Peak memory during parsing, measured via tracemalloc:

Peak Memory (MB)

Size

pygixml

lxml

ElementTree

1 000

0.13 MB

0.13 MB

1.01 MB

5 000

0.67 MB

0.67 MB

4.84 MB

10 000

1.34 MB

1.34 MB

9.68 MB

pygixml and lxml have nearly identical memory footprints (both backed by C/C++ parsers), while ElementTree uses ~7× more memory due to creating full Python objects for every node and attribute.

Package Size

Installed Package Size

Package

Size

pygixml

0.43 MB

lxml

5.48 MB

pygixml is 12.7× smaller than lxml in installed size according to pip-size package.

Performance Tips

Use XPathQuery for Repeated Queries

# ✅ Good: compile once, evaluate many times
query = pygixml.XPathQuery("book[@category='fiction']")
for _ in range(1000):
    results = query.evaluate_node_set(root)

# ❌ Bad: re-compile every iteration
for _ in range(1000):
    results = root.select_nodes("book[@category='fiction']")

Be Specific in XPath Expressions

# ✅ Good: specific path
books = root.select_nodes("library/book")

# ❌ Bad: descendant-axis search
books = root.select_nodes("//book")

Use Attributes for Filtering

# ✅ Good: fast attribute comparison
books = root.select_nodes("book[@id='123']")

# ❌ Bad: slower text-node comparison
books = root.select_nodes("book[id='123']")

Limit Result Sets

# ✅ Good: limit in the query
first_10 = root.select_nodes("book[position() <= 10]")

# ❌ Bad: fetch all then slice
all_books = root.select_nodes("book")
first_10 = all_books[:10]

Memory Management

Automatic Cleanup

pygixml automatically manages memory through C++ destructors:

# Memory is automatically freed when objects go out of scope
def process_large_xml():
    doc = pygixml.parse_file("large_file.xml")
    # ... process XML ...
    # Memory automatically freed when function returns

Document Reset

# Reuse document to avoid reallocation
doc = pygixml.XMLDocument()

for filename in large_file_list:
    doc.reset()          # Clear existing content
    doc.load_file(filename)
    # ... process ...

Optimization Checklist

  • [ ] Use XPathQuery for repeated queries

  • [ ] Prefer attribute filtering over text filtering

  • [ ] Be specific in XPath expressions (avoid //)

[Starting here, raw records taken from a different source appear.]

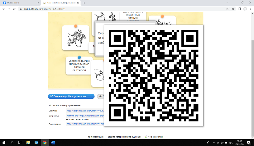2 задание (использование ЦОР). Ребята, чтобы комнатные растения всегда были здоровыми и красивыми, нужно правильно за ними ухаживать.И следующее задание будет посвящено именно уходу за комнатными растениями. Закреплять материал мы будем с помощью интерактивного задания на платформеLeauningApps. https://learningapps.org/watch?v=p0tu78y3j22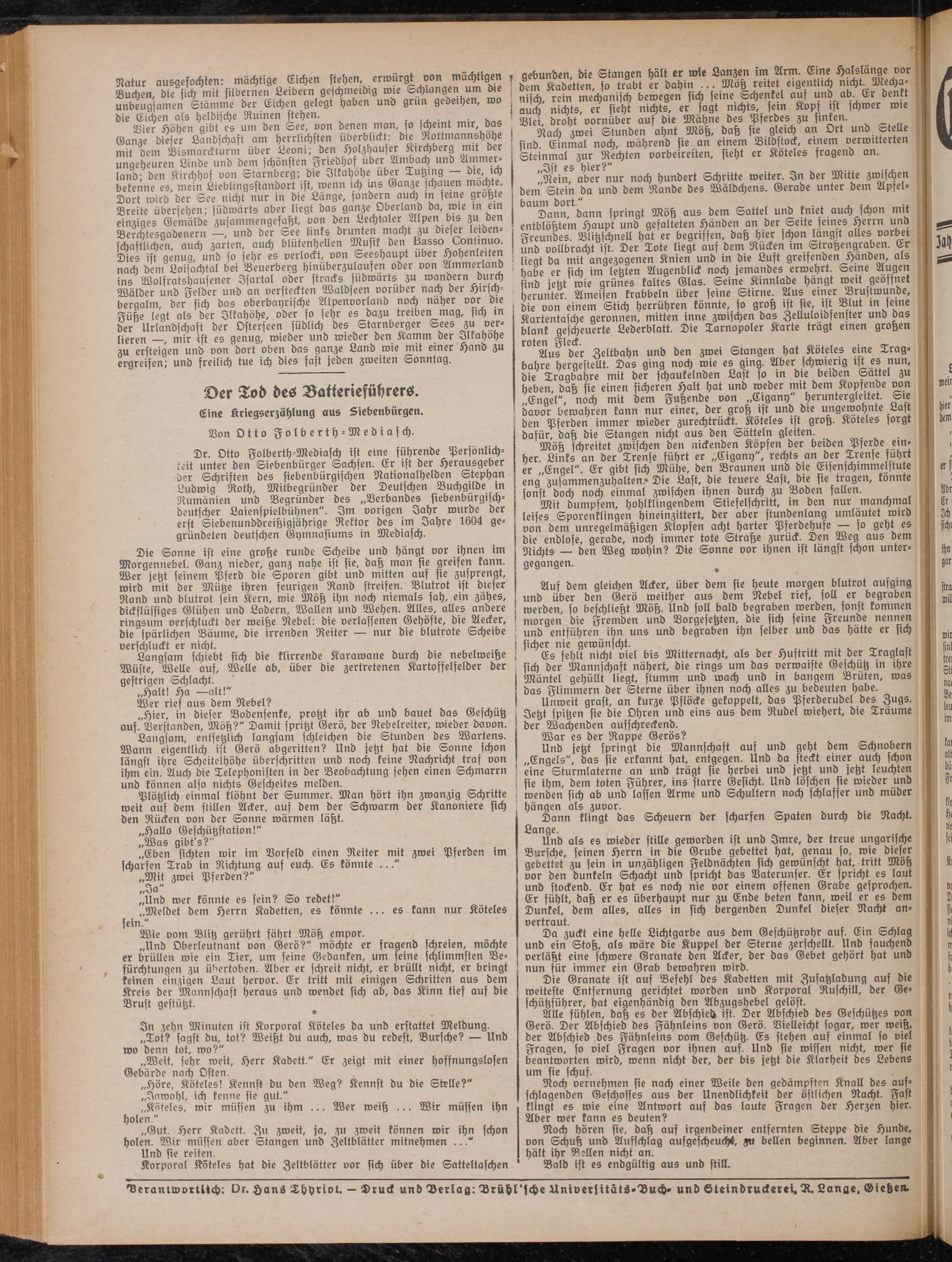 'verantwortlich: l)r. Hans Lhyriot. — Druck undVerlag:Brühl'scheUniversitäts-Buch- undStetndruckerei. R. Lange, Gießen.
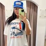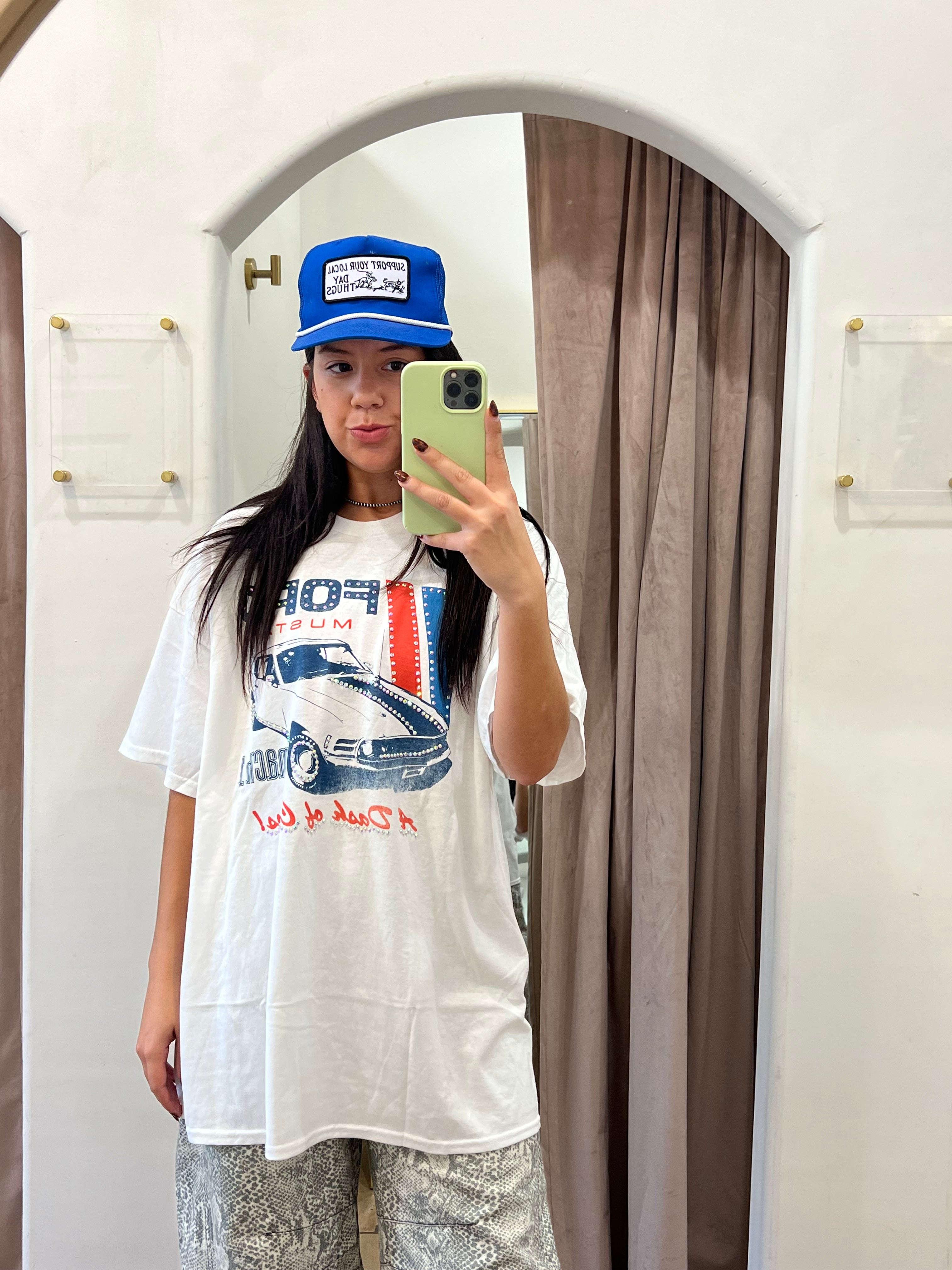 Built for speed. This Ford Mustang graphic tee mixes Americana grit with glam girl energy—oversized for a laid-back fit and sprinkled with rhinestones that shine harder than a chrome bumper at golden hour.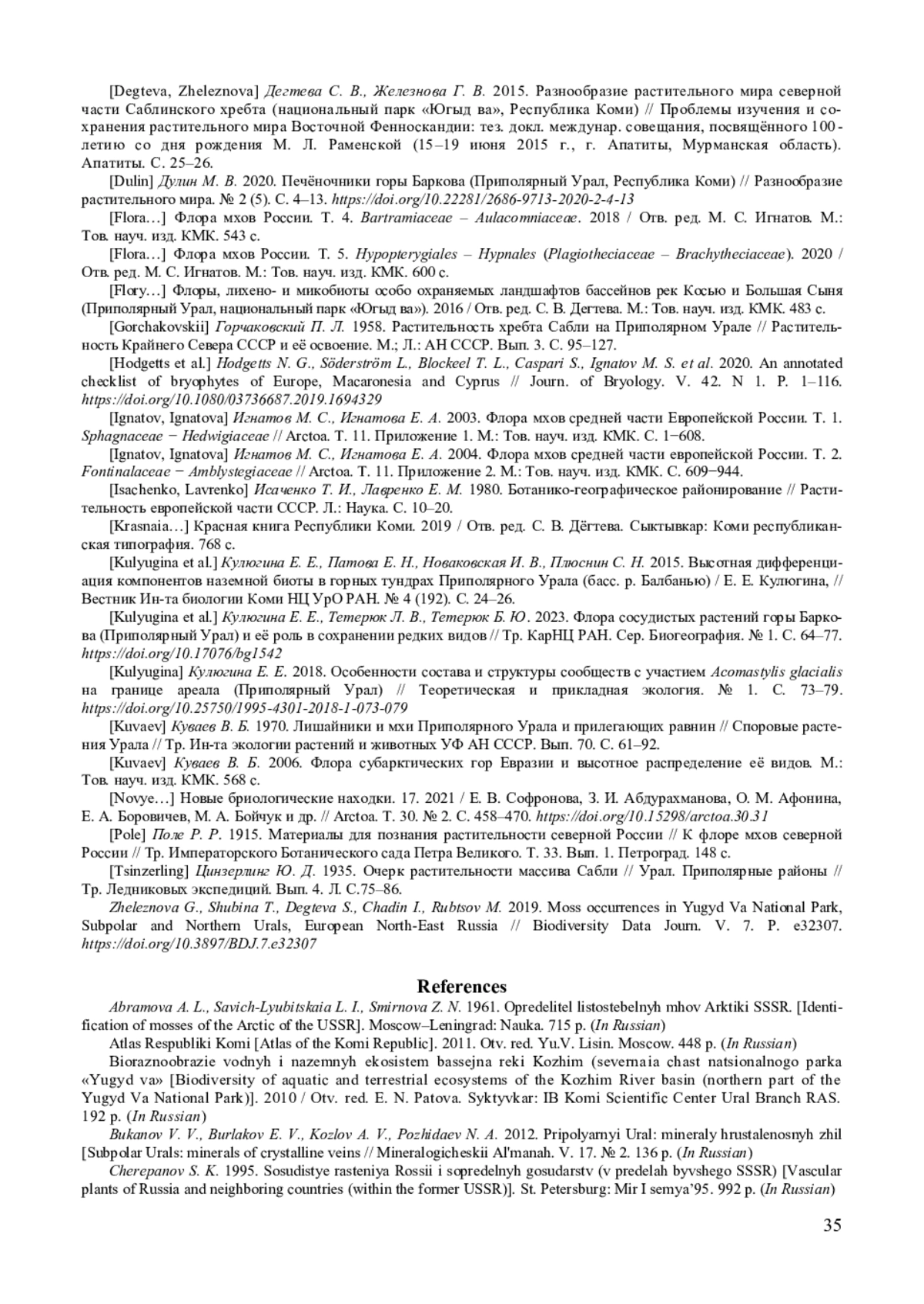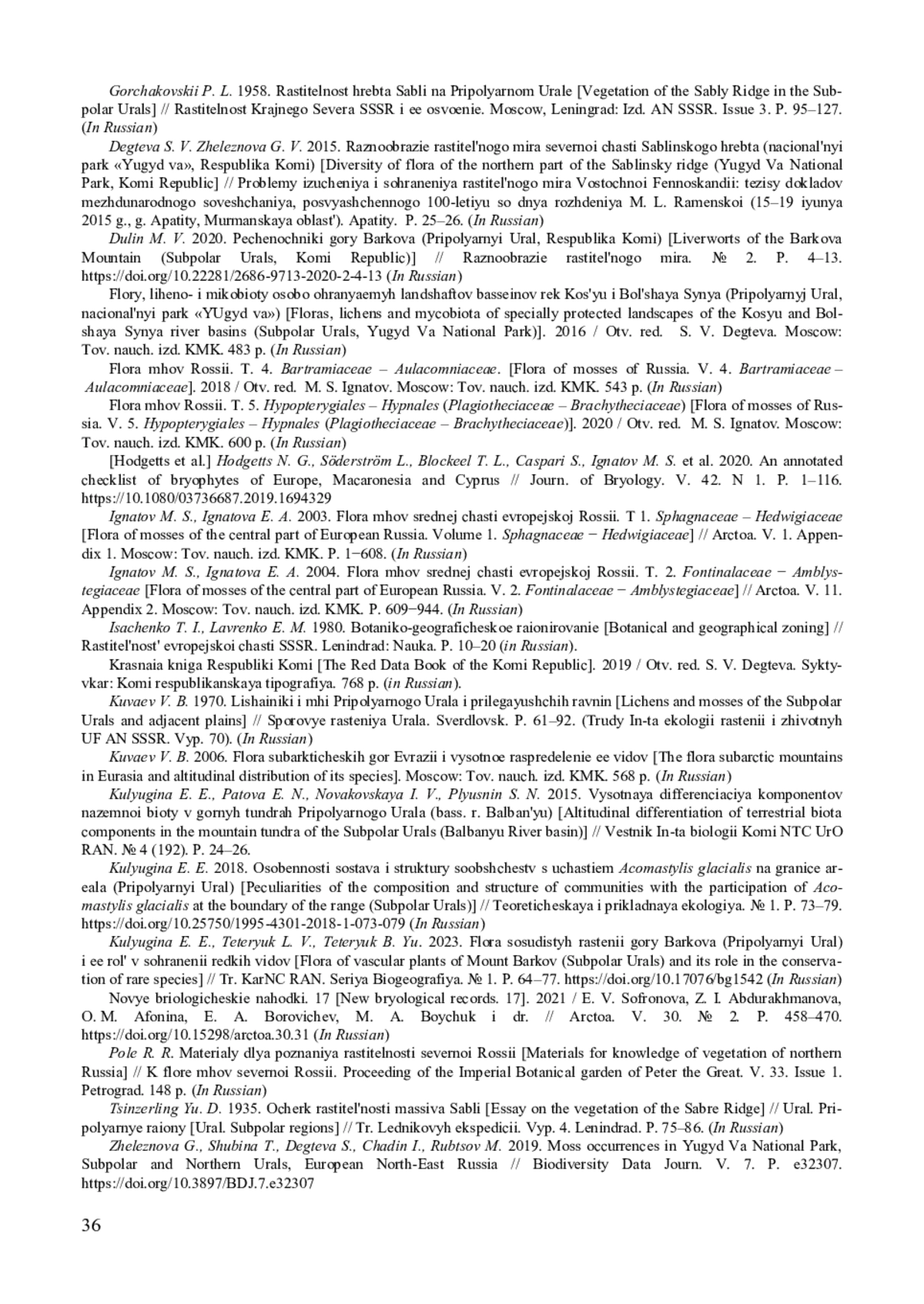 25. Zheleznova G., Shubina T., Degteva S., Chadin I., Rubtsov M. 2019. Moss occurrences in Yugyd Va National Park, Subpolar and Northern Urals, European North-East Russia // Biodiversity Data Journ. V. 7. P. e32307.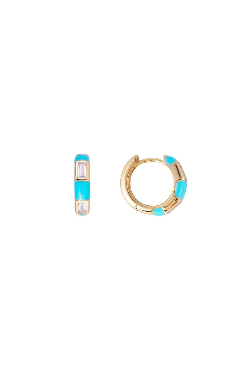 Huggie earrings have certainly skyrocketed in popularity in recent times and these mid size huggie hoops surrounded in turquoise enamel and white deco crystals will certainly add some colour and playfulness to your outfit.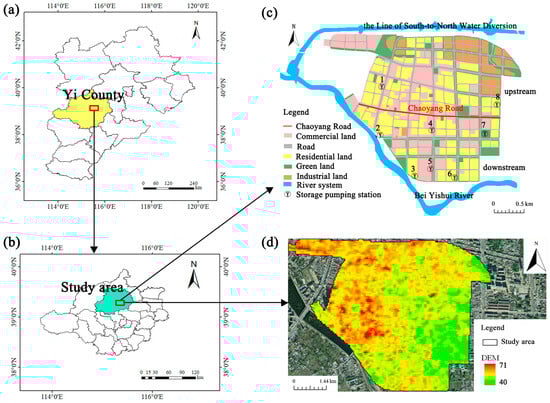 The schematic diagrams of the (a) Yi County location, (b) study area location, (c) land use types of the study area and distribution with storage pumping stations 1 to 8, and (d) DEM.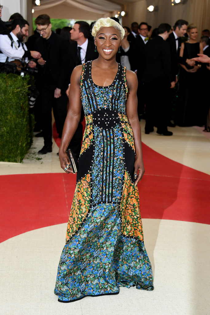 Cynthia Erivo was also clad in Coach, in a patterned gown from the brand. Also, too-pared down in my opinion, but I did love her platinum hair.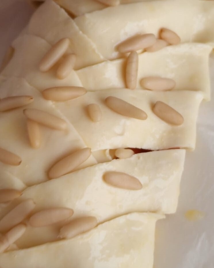 Bestrijk de bovenkant met melk. Versier met het geklopte ei en de pijnboompitten als laatste stap.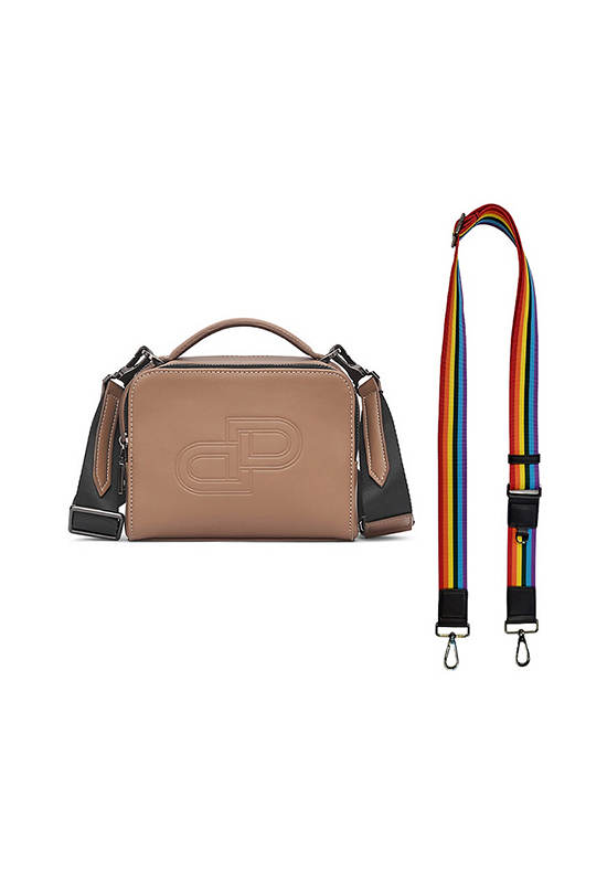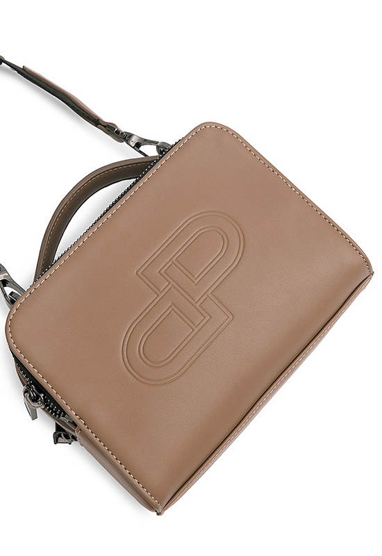 Top handle crossbody bag, crafted in Smooth beige PU Decorated with DP Interlock Icon Embossed on front part. black zip-black Shouder strap, Shiny black hardware, Beige twill lining inside for easy to use. Double zip main pocket, three card slot inside, Slip pocket. Crossbody or hand carry. Adjustable & Detachable webbing strap. This bag is for those who appreciate both functionality & style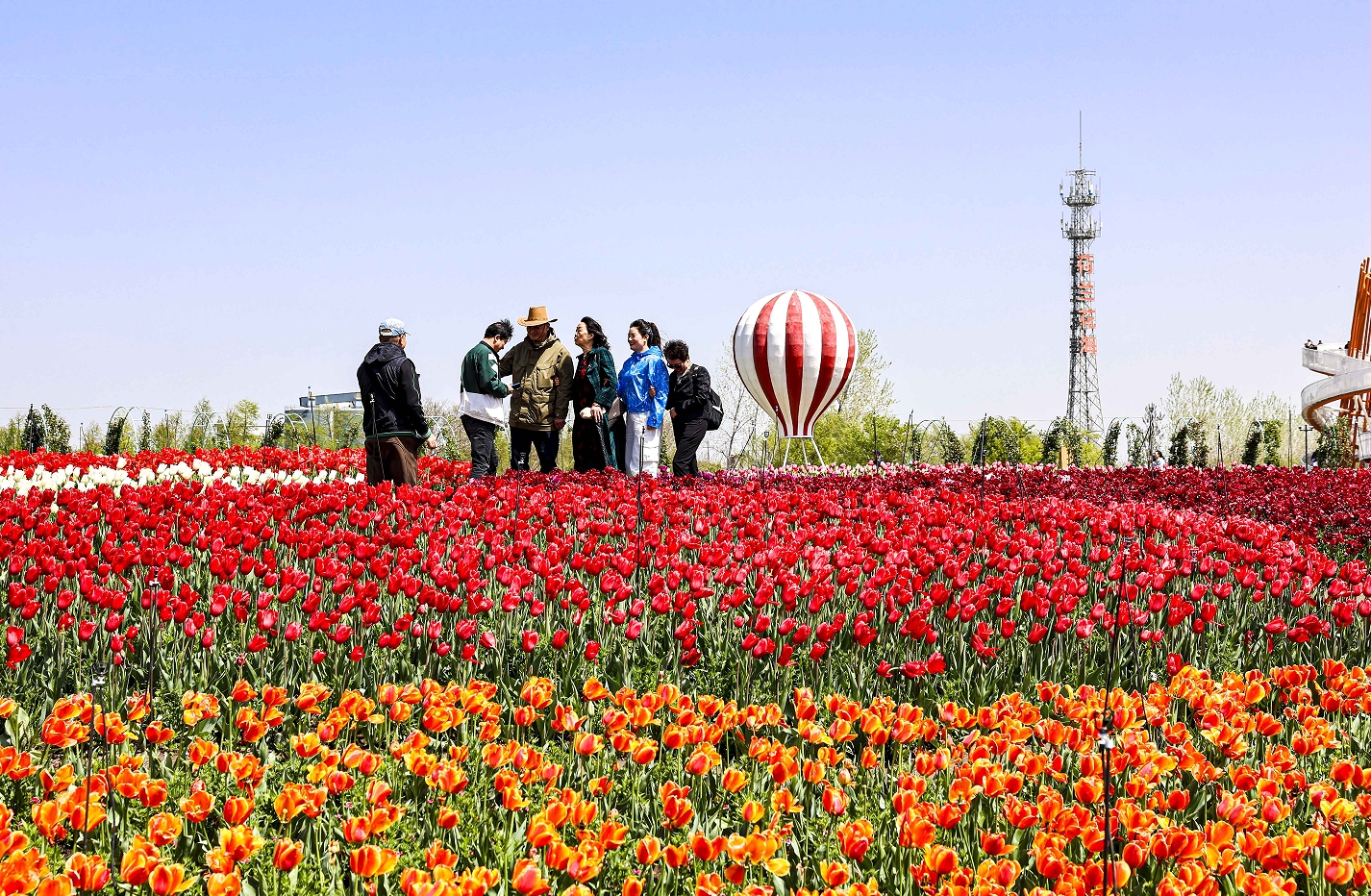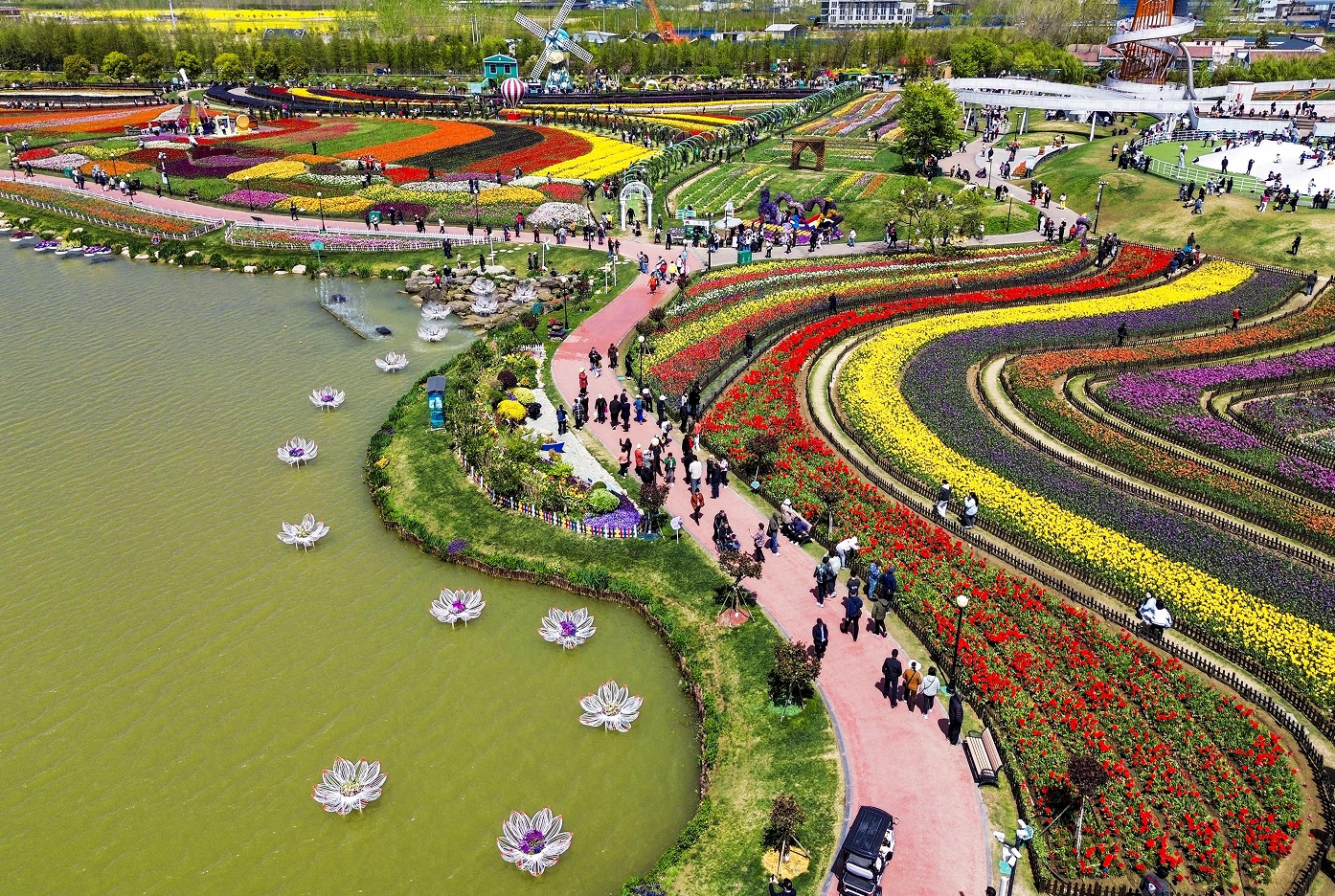 江蘇省鹽城市大豐區(qū)荷蘭花海景區(qū)300多個品種郁金香綻放,五彩花海如調(diào)色盤傾瀉,吸引各地游客如約而至打卡留影。景區(qū)以“種球公司+基地+農(nóng)戶”全產(chǎn)業(yè)鏈模式,不僅帶來賞花之樂,更鋪就村民致富路,讓鮮花經(jīng)濟(jì)綻放鄉(xiāng)村振興新活力。

  • [ ] Limit result sets with positional predicates

  • [ ] Reuse XMLDocument objects with reset()

  • [ ] Use XPath for bulk selection, iterate results in Python

  • [ ] Avoid unnecessary string conversions

Running Benchmarks

Reproduce the numbers on your own machine:

# Full suite: parsing, memory, package size across 6 XML sizes
python benchmarks/full_benchmark.py

# Legacy parsing-only benchmark
python benchmarks/benchmark_parsing.py

The full suite tests 100 – 10 000 element documents over 5 iterations, measures peak memory at 1 000 / 5 000 / 10 000 elements, and reports installed package sizes.